#### [GIVEN DATA]
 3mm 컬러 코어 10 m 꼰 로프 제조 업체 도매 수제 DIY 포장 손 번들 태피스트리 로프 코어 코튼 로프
--
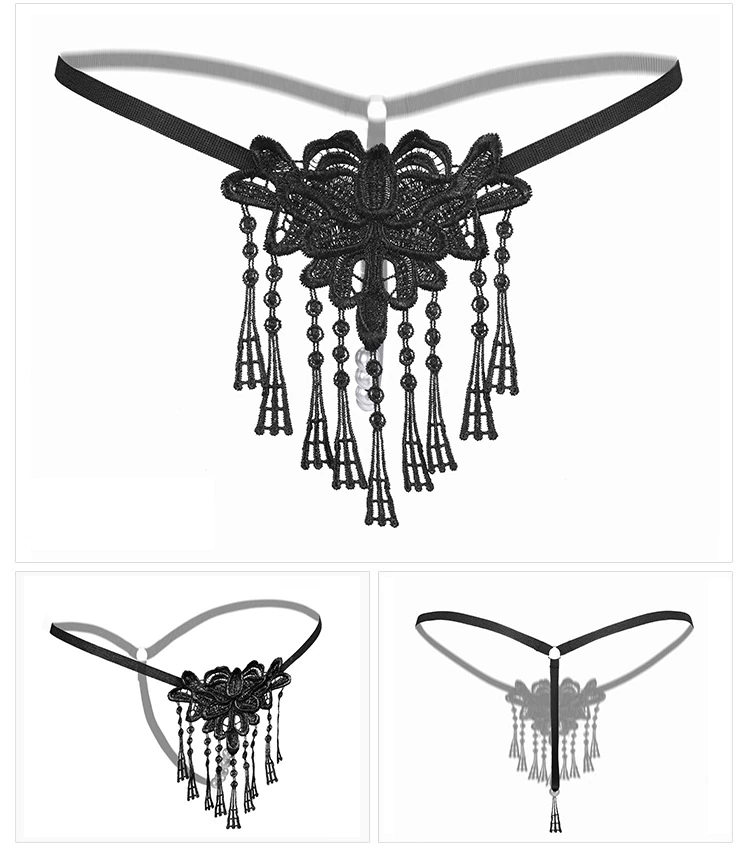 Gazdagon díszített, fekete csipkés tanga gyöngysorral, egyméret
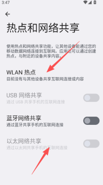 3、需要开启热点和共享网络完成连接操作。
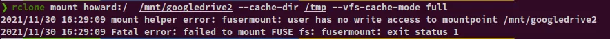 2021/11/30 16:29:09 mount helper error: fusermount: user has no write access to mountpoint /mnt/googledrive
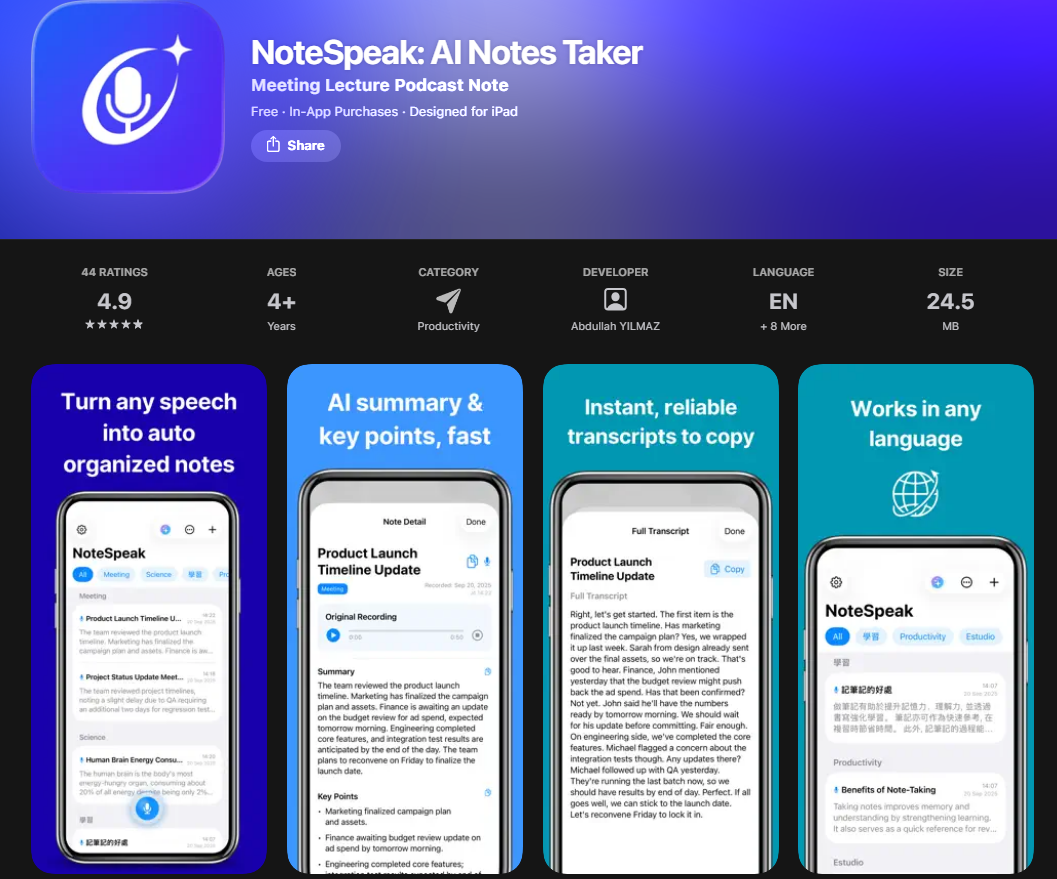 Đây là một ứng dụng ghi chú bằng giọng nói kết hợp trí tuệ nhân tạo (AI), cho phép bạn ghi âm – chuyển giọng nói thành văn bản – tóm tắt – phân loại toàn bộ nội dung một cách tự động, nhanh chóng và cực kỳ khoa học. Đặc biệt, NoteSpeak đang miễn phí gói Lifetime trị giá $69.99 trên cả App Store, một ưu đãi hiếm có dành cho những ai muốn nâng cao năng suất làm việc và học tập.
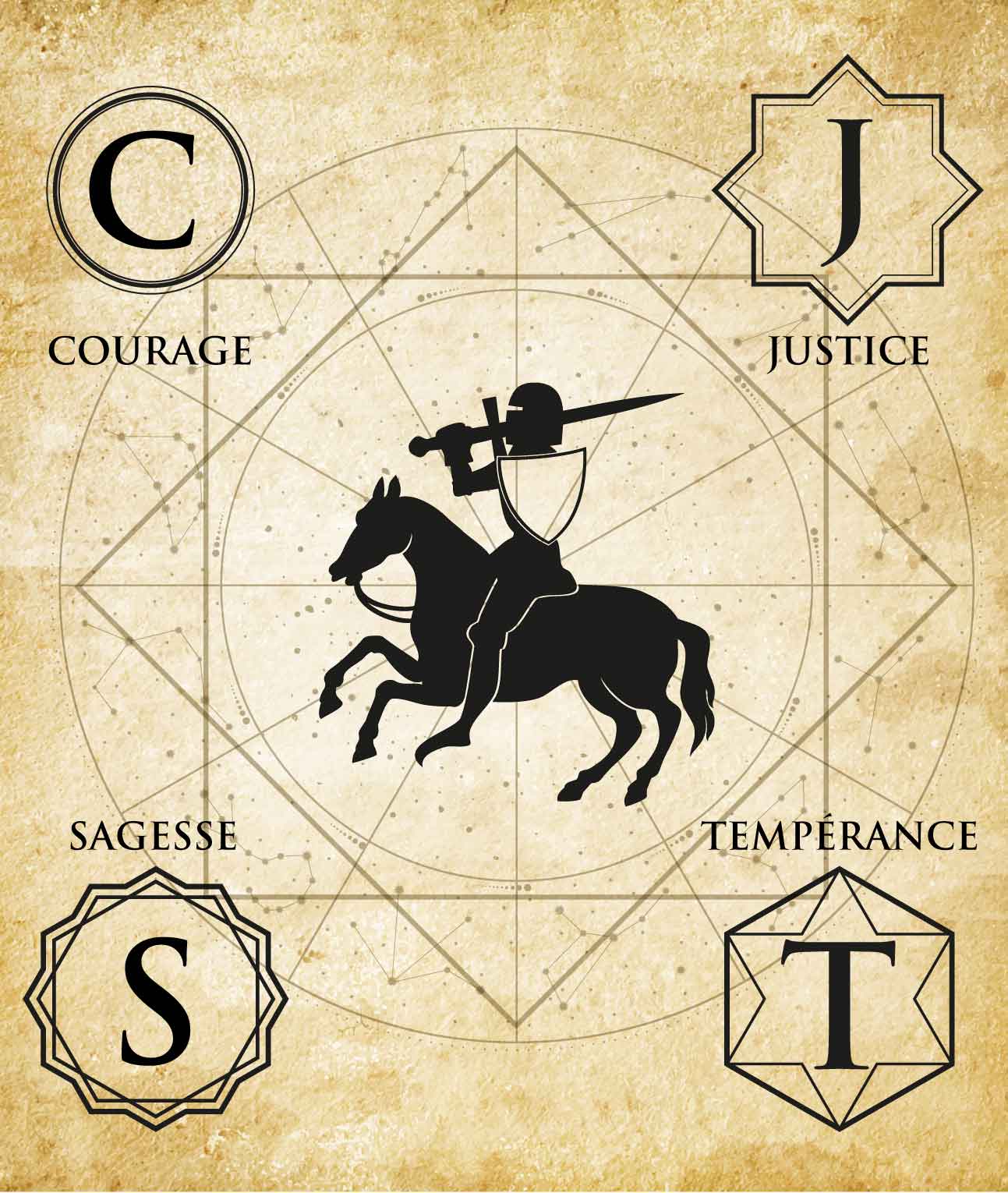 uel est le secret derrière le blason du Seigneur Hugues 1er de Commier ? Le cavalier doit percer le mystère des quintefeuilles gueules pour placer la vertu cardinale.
...
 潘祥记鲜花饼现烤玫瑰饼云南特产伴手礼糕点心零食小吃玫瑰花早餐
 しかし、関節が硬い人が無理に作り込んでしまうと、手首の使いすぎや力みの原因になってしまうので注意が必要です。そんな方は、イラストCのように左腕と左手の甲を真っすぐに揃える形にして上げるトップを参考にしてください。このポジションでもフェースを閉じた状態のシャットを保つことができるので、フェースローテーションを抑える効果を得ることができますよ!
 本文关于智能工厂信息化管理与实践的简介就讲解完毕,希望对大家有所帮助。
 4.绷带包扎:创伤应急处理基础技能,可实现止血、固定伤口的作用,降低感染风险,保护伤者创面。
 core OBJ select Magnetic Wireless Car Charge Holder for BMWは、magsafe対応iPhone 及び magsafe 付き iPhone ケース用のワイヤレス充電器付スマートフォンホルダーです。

#### [REQUIREMENT]
Above are the entries. Copy exactly the part that opens with the line containing "本文关于智能工厂信息化管理与实践的简介就讲解完毕,希望对大家有所帮助。" and closes with the line containing "core OBJ select", and no more.

#### [SOLUTION]
 本文关于智能工厂信息化管理与实践的简介就讲解完毕,希望对大家有所帮助。
 4.绷带包扎:创伤应急处理基础技能,可实现止血、固定伤口的作用,降低感染风险,保护伤者创面。
 core OBJ select Magnetic Wireless Car Charge Holder for BMWは、magsafe対応iPhone 及び magsafe 付き iPhone ケース用のワイヤレス充電器付スマートフォンホルダーです。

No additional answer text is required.